Machine learning how to do the Tuning/learning Machine

Source: Internet
Author: User

It's really a job to get me off the floor.

Adjusted for a half-day, training day, the results of what is not the time is really desperate ...

This article summed up his own thinking about the adjustment and some common parameters of adjustments, I hope to help.

If there are some statements or understandings in this article, you are welcome to criticize the great God.

Before we actually adjust the parameters, let's figure out two things:

1. What is the purpose of the argument?
2. What is the specific thing of the modulation.

First question:
The ultimate goal of the tuning is to make the model after the training more accurate, a step closer to the program is to make the loss function (for example, the loss in SSDs) as small as possible (since the model quality trained by the training set can only be detected by a validation set during training).
Therefore, the parameter can be considered as a multivariate function optimization problem.

Second question:
Before we answer the second question, we'll introduce a concept, a super parameter.
"Super parameter"
The parameters of the values are artificially set before the model begins the learning process, rather than by training the parameter data (such as B, W) in the normal sense.
These parameters define the concept of a higher level of the model (model complexity, learning capability, etc.).
You cannot learn directly from the data in the Standard Model training process, you need to define it in advance.
You can decide by setting different values, training different models, and choosing better test values.

Number or depth of the tree, learning rate, hidden layer of deep neural network, number of clusters in K-means clustering ...

So now, maybe everyone has a little bit of the heart, we want to tune the parameters, mainly this "super parameter."

"Adjusting parameters commonly used in deep learning"
1. Learning Rate (learning rate)
The adjustment of learning rate should be a very common operation. Generally with the increase in the number of iterations, when the loss is not going to suspend the training model, and then the learning rate adjusted to the original 1/10 before continuing the training.
The reason is that the gradient in the process of learning rate can be seen as the length of the descent process, assuming that your step is very big can cross the valley directly on the opposite side of the mountain, it is difficult to get the local optimal solution. At this point, reducing the step size will increase your chances of going to the ground.

2. About the cross fitting
By using the methods of drop out, batch normalization and data argument, the generalization ability of the model can be adjusted by adjusting the probability of each neuron being discarded in drop out.

3. Number of network layers
In general, the more network layers, the better the performance (including sensitivity, convergence, etc.) of the model (which is one of the reasons why deep neural networks have been so hot lately). Correspondingly, the demand for computational power will be higher.

Moreover, the more the number of layers, the more the number of neurons, the higher the probability of the fitting.

What about this.

Use the various methods in 2 to prevent fitting.

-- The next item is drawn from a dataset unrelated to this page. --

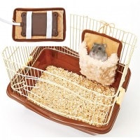 「ほっとハム暖 ポケハムベッド おふとん」は、ケージ側面に結んで縦型にも、チップの上に敷いておふとん型でもご利用いただけます。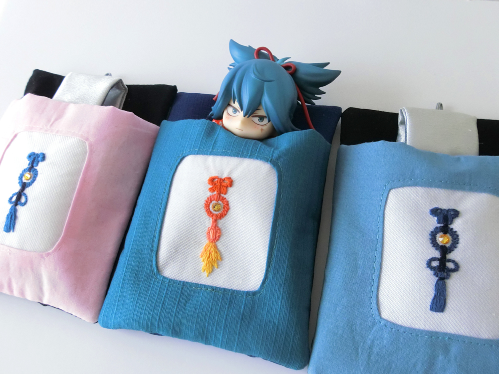 青江の刺繍頑張った所は、なんか立体の石がついてる感じにした所! 組紐部分は、長谷部で鍛えられて、かなり綺麗に刺繍できるようになってきた気がする

Batch_size can be appropriately increased, but this method may have an impact on the performance of the computer (when the batch_size is tuned to the original twice times on this machine: about 24 to 48, the machine is already jammed ...). )。

Batch_size increase to a certain time, can achieve the best in the Times;
Batch_size increase to some time, can achieve the final convergence accuracy of the optimal.

Reference: The adjusting parameters commonly used in depth learning
Reference: What skills are there in depth learning and tuning?

Contact Us

The content source of this page is from Internet, which doesn't represent Alibaba Cloud's opinion; products and services mentioned on that page don't have any relationship with Alibaba Cloud. If the content of the page makes you feel confusing, please write us an email, we will handle the problem within 5 days after receiving your email.

If you find any instances of plagiarism from the community, please send an email to: and provide relevant evidence. A staff member will contact you within 5 working days.

A Free Trial That Lets You Build Big!

Start building with 50+ products and up to 12 months usage for Elastic Compute Service

  • Sales Support

    1 on 1 presale consultation

  • After-Sales Support

    24/7 Technical Support 6 Free Tickets per Quarter Faster Response

  • Alibaba Cloud offers highly flexible support services tailored to meet your exact needs.